◆ **Problem details**: Retype the whole listing verbatim and keep the pictures out of it.

◆ **Stored data**:
___
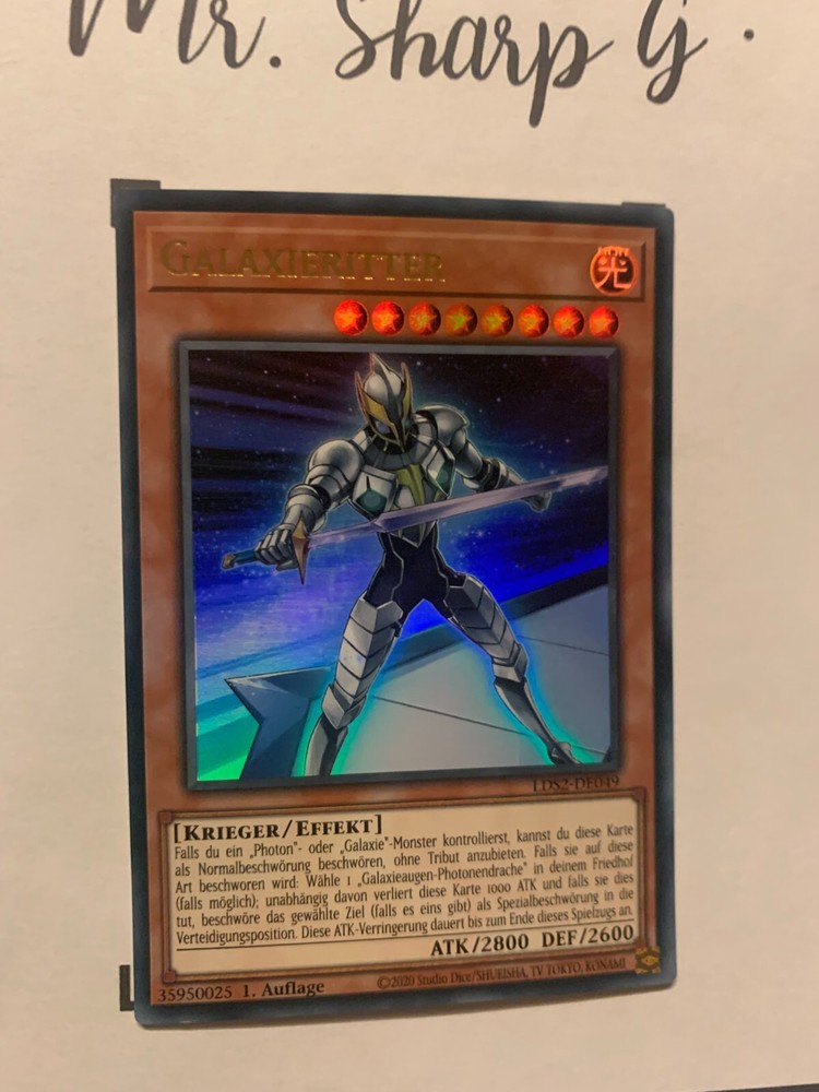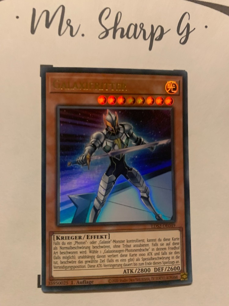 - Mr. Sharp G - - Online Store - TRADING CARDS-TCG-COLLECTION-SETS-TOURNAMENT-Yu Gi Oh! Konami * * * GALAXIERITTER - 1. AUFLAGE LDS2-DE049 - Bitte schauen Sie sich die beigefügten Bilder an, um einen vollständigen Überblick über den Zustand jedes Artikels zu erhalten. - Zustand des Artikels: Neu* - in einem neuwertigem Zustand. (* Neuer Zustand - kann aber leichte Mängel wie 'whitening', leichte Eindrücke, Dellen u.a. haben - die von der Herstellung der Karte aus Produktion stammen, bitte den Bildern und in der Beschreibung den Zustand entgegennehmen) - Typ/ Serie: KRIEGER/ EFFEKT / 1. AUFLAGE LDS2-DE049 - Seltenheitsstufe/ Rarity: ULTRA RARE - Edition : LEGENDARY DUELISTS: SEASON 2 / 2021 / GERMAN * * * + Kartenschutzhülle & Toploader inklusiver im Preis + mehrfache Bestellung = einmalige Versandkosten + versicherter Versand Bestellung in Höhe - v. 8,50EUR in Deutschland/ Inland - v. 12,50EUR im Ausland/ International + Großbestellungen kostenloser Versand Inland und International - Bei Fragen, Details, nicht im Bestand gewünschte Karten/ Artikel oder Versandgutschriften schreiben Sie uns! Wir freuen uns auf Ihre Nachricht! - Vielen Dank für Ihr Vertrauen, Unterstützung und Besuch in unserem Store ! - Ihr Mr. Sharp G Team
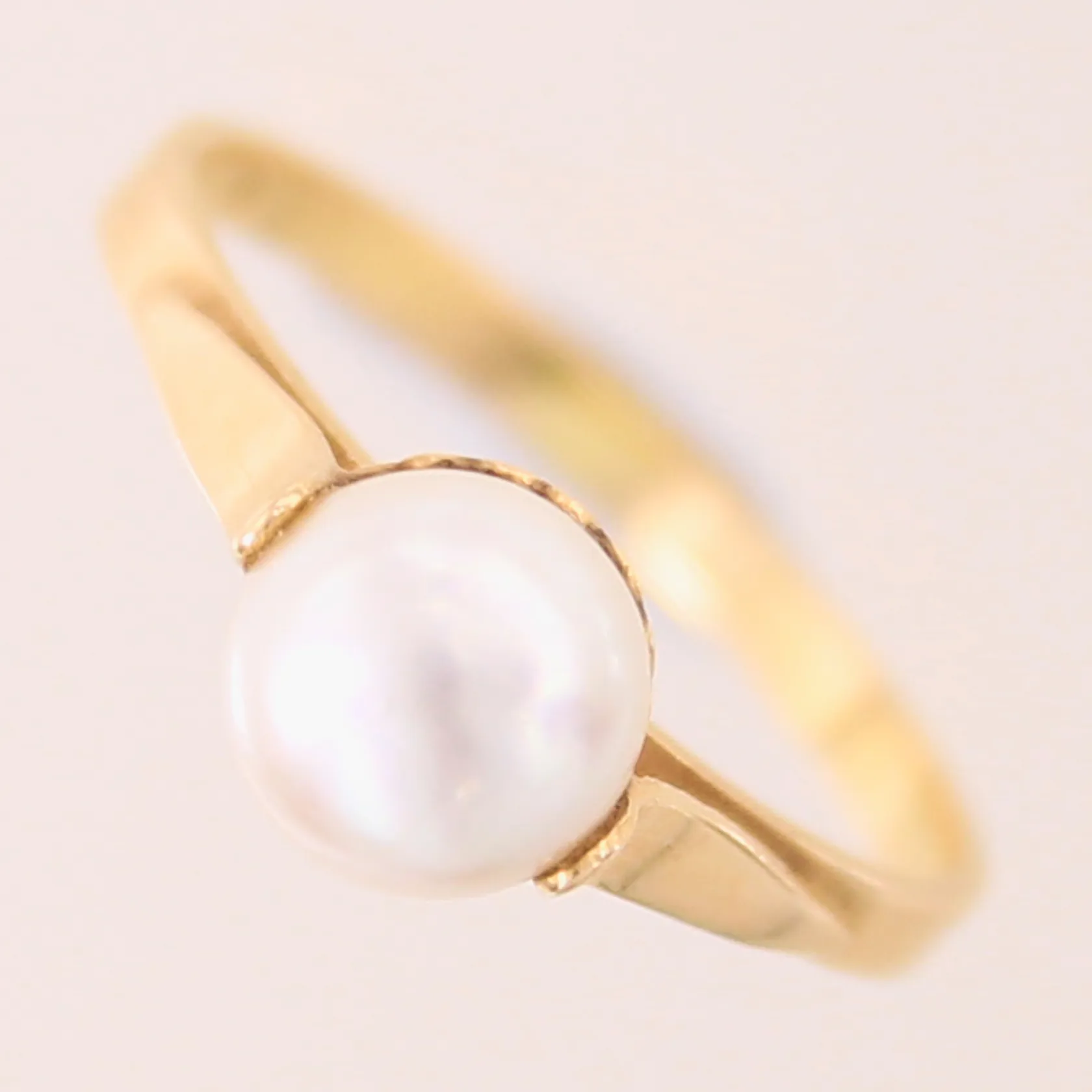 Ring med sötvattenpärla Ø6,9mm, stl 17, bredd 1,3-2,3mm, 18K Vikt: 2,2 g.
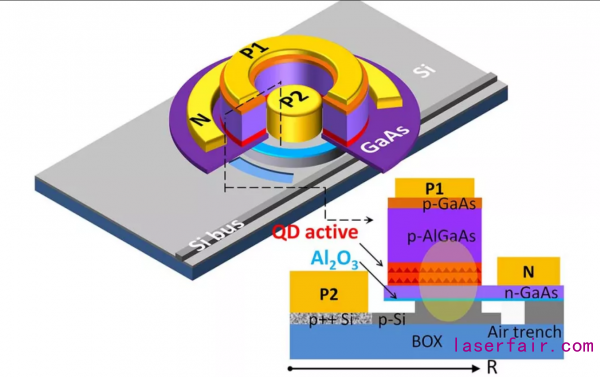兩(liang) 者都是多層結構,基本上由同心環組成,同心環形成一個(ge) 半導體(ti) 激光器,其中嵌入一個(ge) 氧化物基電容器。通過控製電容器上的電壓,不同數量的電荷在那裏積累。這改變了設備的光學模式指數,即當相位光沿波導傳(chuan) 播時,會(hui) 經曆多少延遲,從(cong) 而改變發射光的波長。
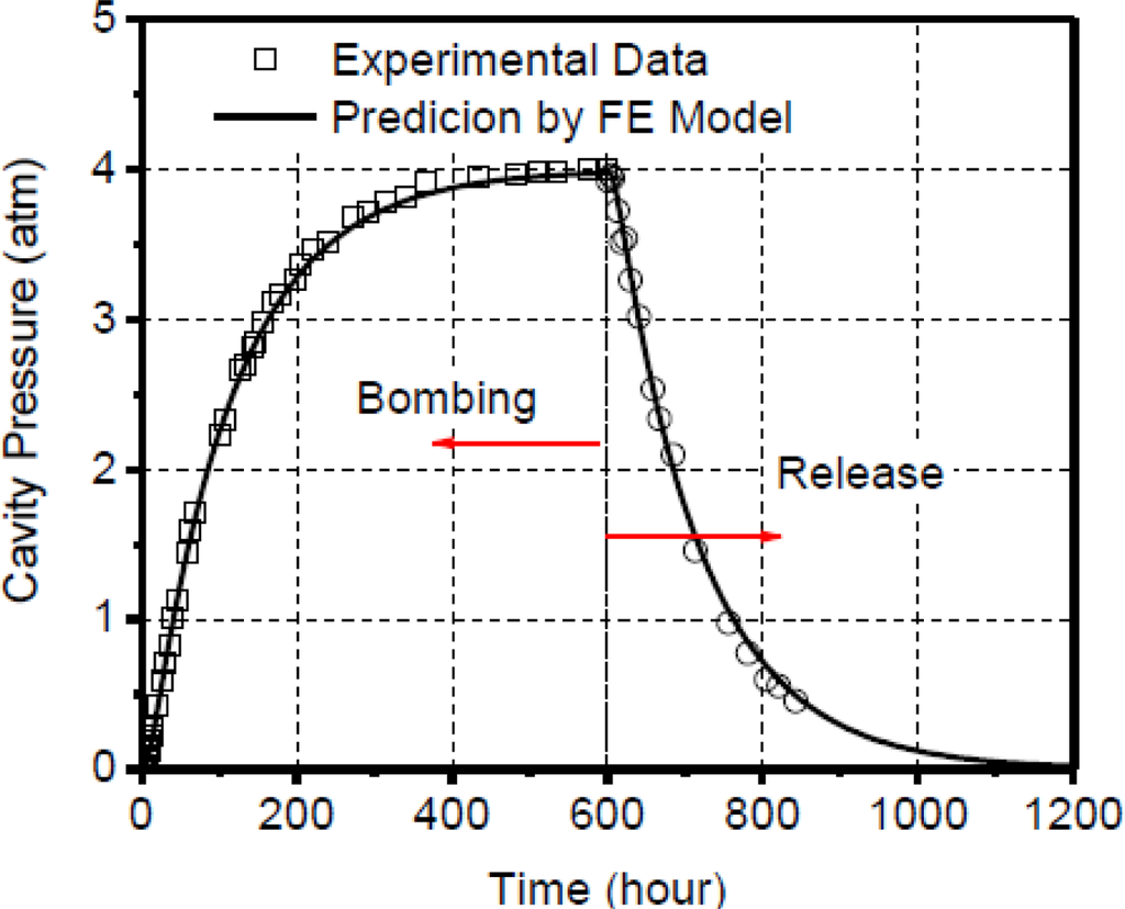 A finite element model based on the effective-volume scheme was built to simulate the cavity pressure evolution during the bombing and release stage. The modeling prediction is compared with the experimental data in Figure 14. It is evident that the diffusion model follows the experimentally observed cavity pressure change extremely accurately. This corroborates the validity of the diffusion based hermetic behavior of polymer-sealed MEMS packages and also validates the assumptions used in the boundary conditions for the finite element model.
___
◆ **Reply to the task**:
 - Mr. Sharp G - - Online Store - TRADING CARDS-TCG-COLLECTION-SETS-TOURNAMENT-Yu Gi Oh! Konami * * * GALAXIERITTER - 1. AUFLAGE LDS2-DE049 - Bitte schauen Sie sich die beigefügten Bilder an, um einen vollständigen Überblick über den Zustand jedes Artikels zu erhalten. - Zustand des Artikels: Neu* - in einem neuwertigem Zustand. (* Neuer Zustand - kann aber leichte Mängel wie 'whitening', leichte Eindrücke, Dellen u.a. haben - die von der Herstellung der Karte aus Produktion stammen, bitte den Bildern und in der Beschreibung den Zustand entgegennehmen) - Typ/ Serie: KRIEGER/ EFFEKT / 1. AUFLAGE LDS2-DE049 - Seltenheitsstufe/ Rarity: ULTRA RARE - Edition : LEGENDARY DUELISTS: SEASON 2 / 2021 / GERMAN * * * + Kartenschutzhülle & Toploader inklusiver im Preis + mehrfache Bestellung = einmalige Versandkosten + versicherter Versand Bestellung in Höhe - v. 8,50EUR in Deutschland/ Inland - v. 12,50EUR im Ausland/ International + Großbestellungen kostenloser Versand Inland und International - Bei Fragen, Details, nicht im Bestand gewünschte Karten/ Artikel oder Versandgutschriften schreiben Sie uns! Wir freuen uns auf Ihre Nachricht! - Vielen Dank für Ihr Vertrauen, Unterstützung und Besuch in unserem Store ! - Ihr Mr. Sharp G Team
 Ring med sötvattenpärla Ø6,9mm, stl 17, bredd 1,3-2,3mm, 18K Vikt: 2,2 g.
兩(liang) 者都是多層結構,基本上由同心環組成,同心環形成一個(ge) 半導體(ti) 激光器,其中嵌入一個(ge) 氧化物基電容器。通過控製電容器上的電壓,不同數量的電荷在那裏積累。這改變了設備的光學模式指數,即當相位光沿波導傳(chuan) 播時,會(hui) 經曆多少延遲,從(cong) 而改變發射光的波長。
 A finite element model based on the effective-volume scheme was built to simulate the cavity pressure evolution during the bombing and release stage. The modeling prediction is compared with the experimental data in Figure 14. It is evident that the diffusion model follows the experimentally observed cavity pressure change extremely accurately. This corroborates the validity of the diffusion based hermetic behavior of polymer-sealed MEMS packages and also validates the assumptions used in the boundary conditions for the finite element model.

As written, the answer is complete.